Are the energy companies doing the right thing at right time? If yes, then how?
Factors Driving Mergers
A synergy takes place when the combined value of two companies is more than the summation of the individual value of the firms. Almost every time the companies opt for a merger only when they see opportunities for synergy. Most importantly, the business environment is the main driver of mergers and acquisitions.
In this article, we will discuss the reasons behind the record energy company mergers that have taken place this year. Definitely, the primary driver is the plunging oil price. So let's first analyze the reasons for this oil carnage.
During 1990 and early 2000, the U.S. was more dependent on crude import as domestic demand was far above its conventional oil supply. But with the invention of new techniques like hydraulic fracturing and horizontal drilling, U.S. shale producers relentlessly ramped up oil production. Eventually, owing to its huge scale of crude output, the U.S. started relying less on oil import.
The shale boom turned the U.S. into an oil surplus economy from a crude deficit market. Along with the U.S., the Organization of the Petroleum Exporting Countries (OPEC) also pumped up more crude. All these events led to a global oversupply of the commodity and pushed oil to its multi-year low marks. West Texas Intermediate (WTI) crude closed at $44.74 per barrel yesterday, less than half the price of the commodity during the mid-2014 level, when oil was trading above $100 per barrel.
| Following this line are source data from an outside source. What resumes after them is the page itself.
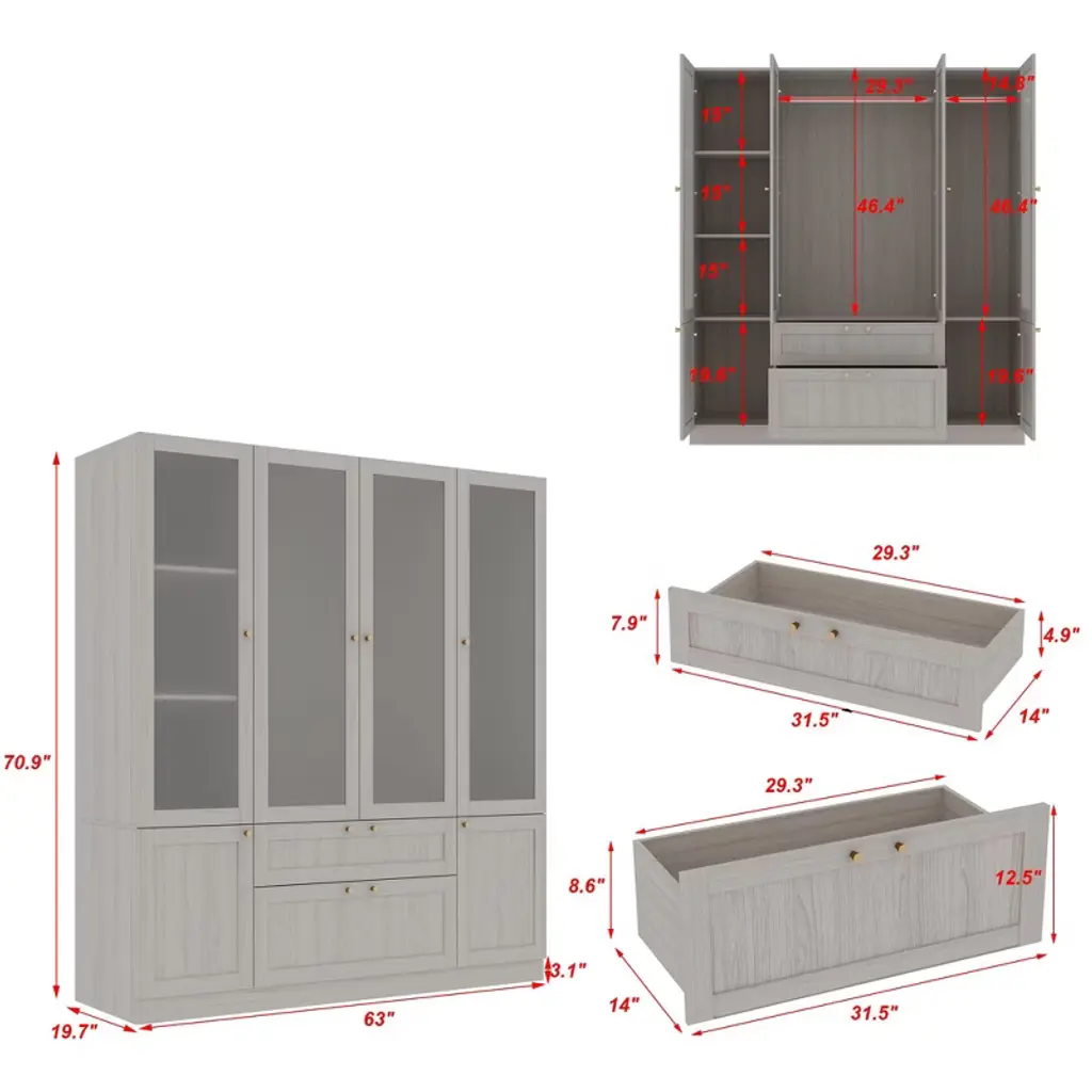 Famapy Modular Gray Combination Wardrobe: Customizable & Spacious Storage Solution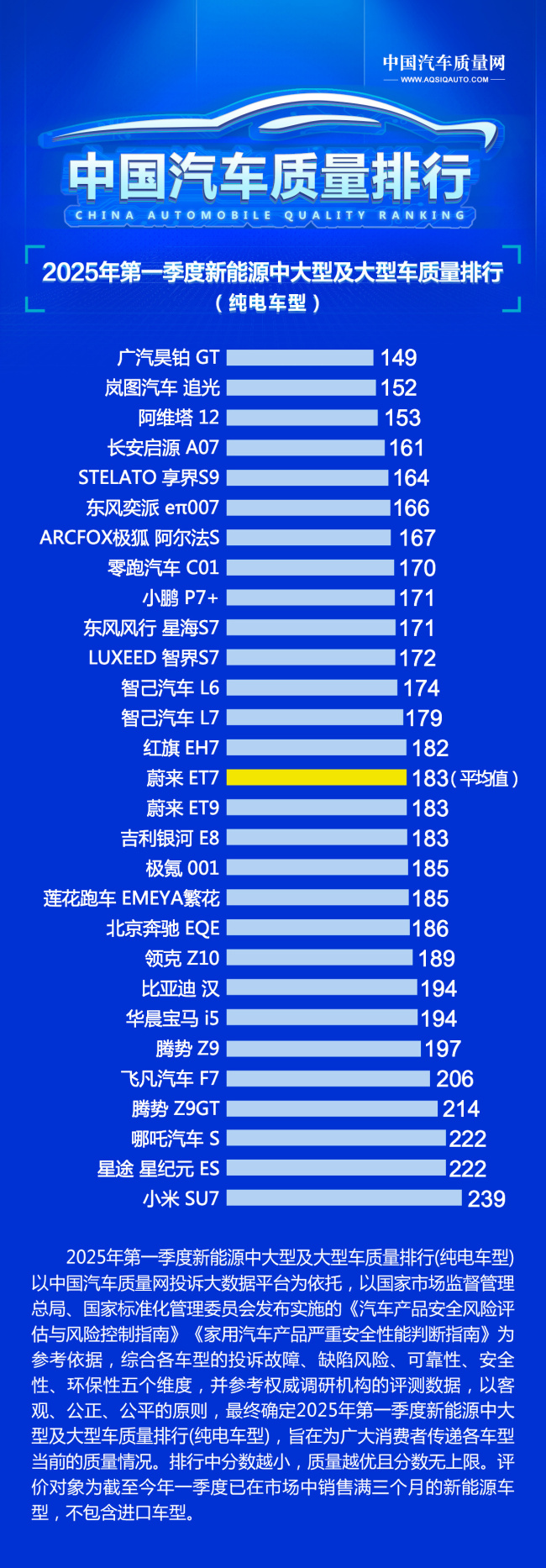 米粉质疑小米SU7质量榜垫底 榜单引发争议!“五一”刚过,两份排行榜让郑州车友群炸开了锅。中国汽车质量网发布的2025年一季度榜单显示,小米首款电动汽车SU7以239分位列最后一名,而广汽昊铂GT、岚图追光等国产车冲进前三;“车质网”发布的《2025年Q1热销新能源车质量排行》则显示,小米SU7的故障率在50款热门新能源汽车中仅高于五菱缤果PLUS,位列第二。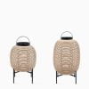 Una linterna de energía solar que seguramente dejará brillar su área exterior. La canasta tejida de color camel crea un impresionante juego de sombras, mientras que la base de acero le da un toque industrial.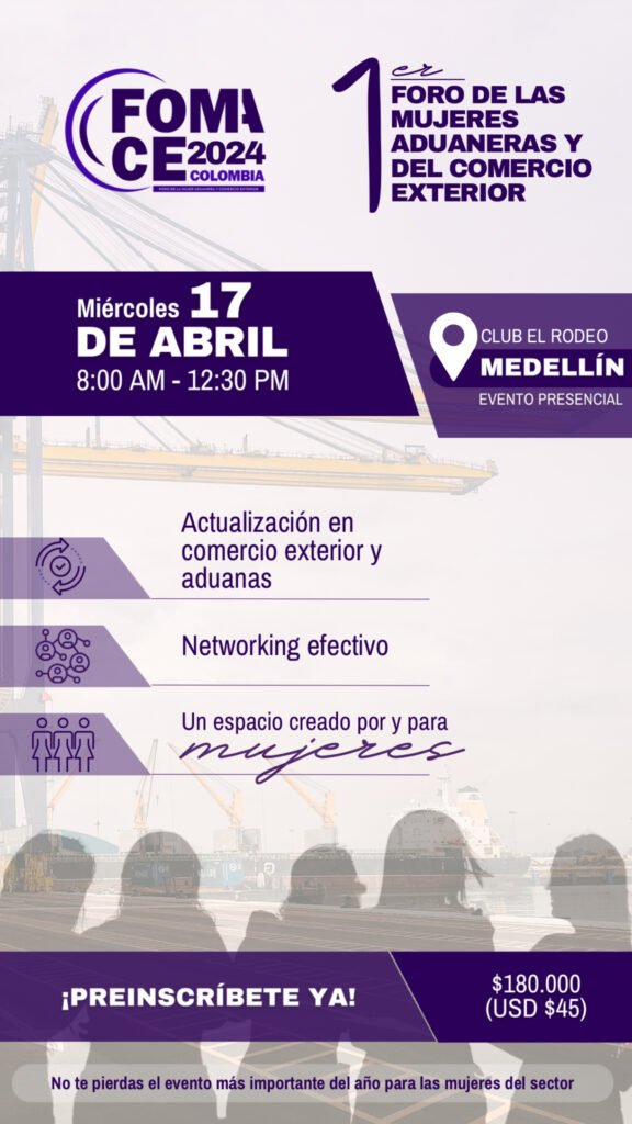 El próximo 17 de abril tendrá lugar en Colombia, ciudad de Medellín, una jornada excepcional. Se reunirán expertas en comercio exterior de México, Colombia y argentina en un evento académico y de networking excepcional, pensado y liderado por mujeres y abierto a toda la comunidad del comercio exterior. Los invitamos a ser parte de un evento único que será un punto de inflexión para nuestra comunidad de mujeres aduaneras.
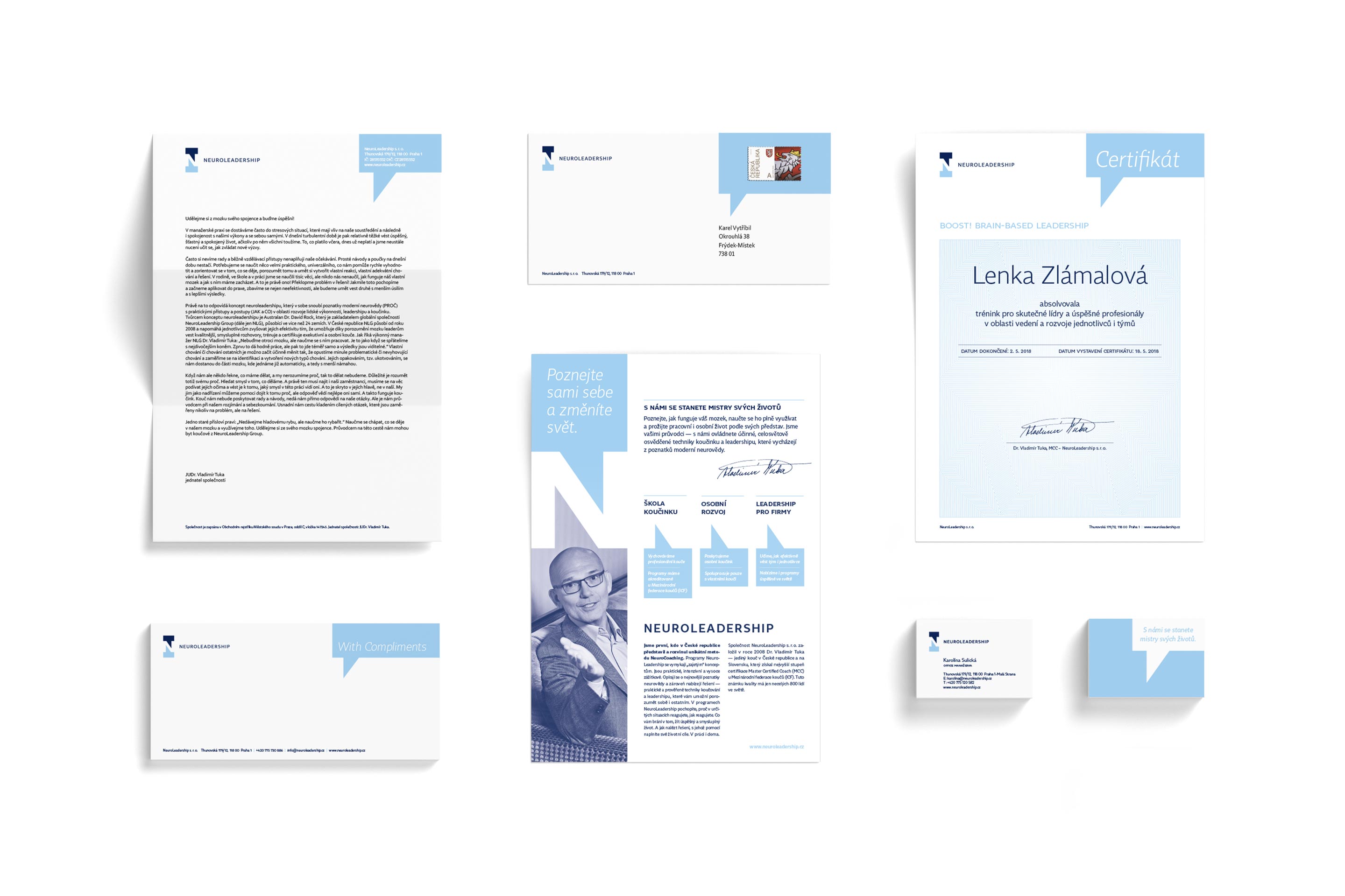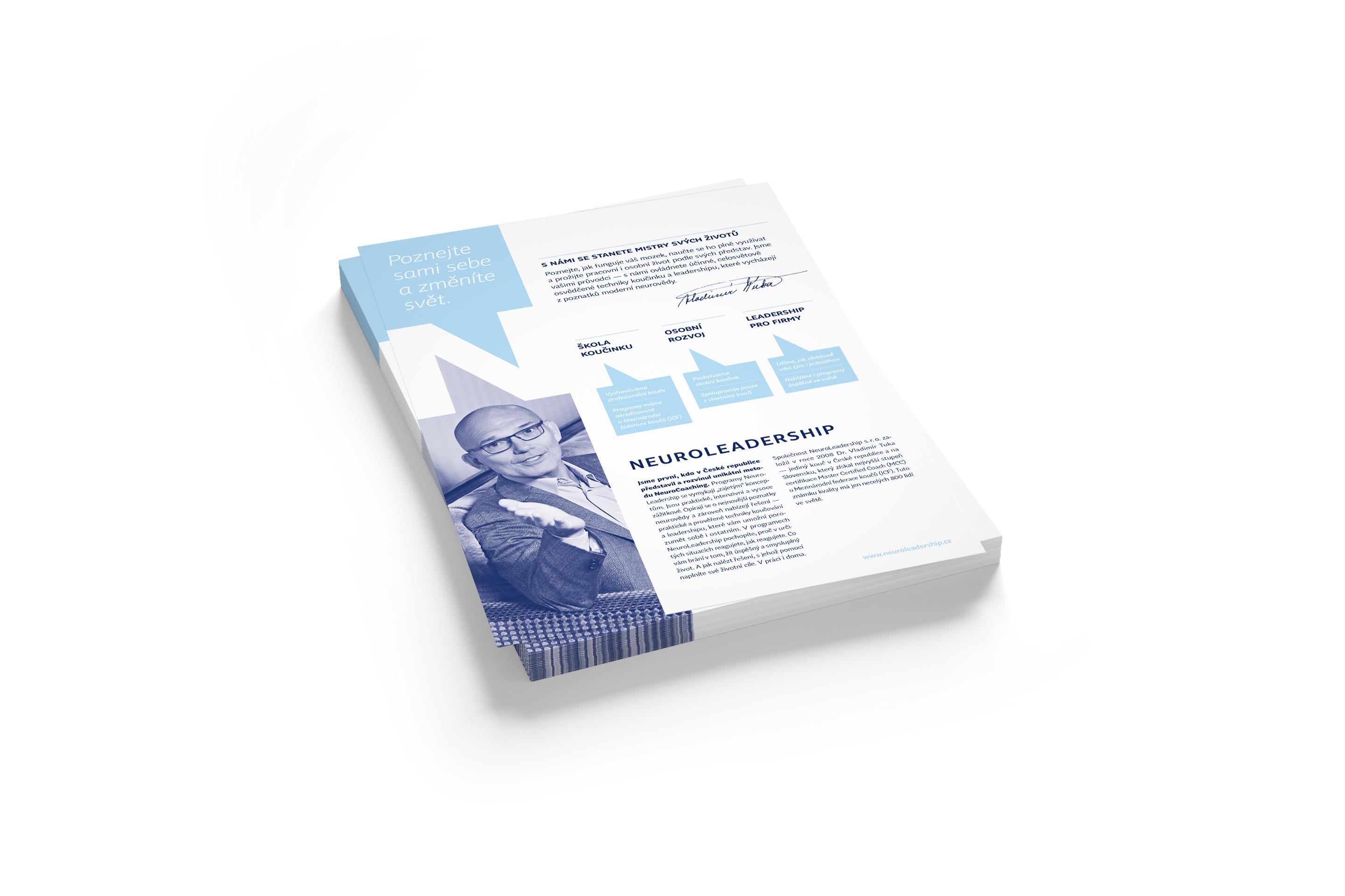 N jako Neuroleadership — to jsou unikátní koučovací programy opírající se o nejnovější poznatky v neurovědě. Základem vizuálního stylu je motiv vzájemné komunikace a hra s jejím obsahem.

With the persistent decline in oil prices , upstream energy firms are in rough waters as they are not being able to sell crude at attractive prices. Moreover, the shale producers are laden with huge debt. In fact many such companies are paying dividend from borrowings and some has even stopped.
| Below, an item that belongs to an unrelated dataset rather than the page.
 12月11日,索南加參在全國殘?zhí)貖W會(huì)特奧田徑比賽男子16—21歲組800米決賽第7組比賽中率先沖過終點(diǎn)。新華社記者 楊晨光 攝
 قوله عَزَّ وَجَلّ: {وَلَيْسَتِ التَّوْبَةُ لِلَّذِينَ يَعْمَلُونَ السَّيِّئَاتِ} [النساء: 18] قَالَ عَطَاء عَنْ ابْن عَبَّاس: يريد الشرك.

What Should These Energy Firms Do Now?
Perhaps a merger is the easiest way out of the woods for these beleaguered energy players. That's because cost synergies and a bigger market presence can do the trick.
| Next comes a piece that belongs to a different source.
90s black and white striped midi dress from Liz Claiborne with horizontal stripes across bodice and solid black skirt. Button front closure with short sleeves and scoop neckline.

Cost synergy will lead to the combined cost of the two companies to go down. This might happen if one of the merging firms has economies of scale, which implies that the higher will be the output, the lower will the fixed cost per unit be. The other catalyst - a bigger presence - generally means an increased market for the merged entity. Moreover, by merging, both parties can share their management skills and exploration techniques to counter the crude price weakness with joint forces.
The imminent agreement of integrated energy major, Royal Dutch Shell plc ( RDS.A ) to acquire BG Group plc, a leading upstream energy player in UK, for $70 billion is the biggest merger in the energy space in a decade.
Another big merger in the low oil price era is the one that is planned between oilfield service behemoth Halliburton Co. ( HAL ) and its smaller rival Baker Hughes Inc. The deal is valued as high as $35 billion .
Moreover, the world's largest oil-field service company Schlumberger Ltd. ( SLB ) announced this year that it has entered into an agreement to acquire Cameron International Corp. Per the deal, Schlumberger will acquire its smaller rival in a stock and cash transaction valued at $ 14.8 billion .
Most importantly, all the acquiring companies are expecting their respective deals to be earnings accretive.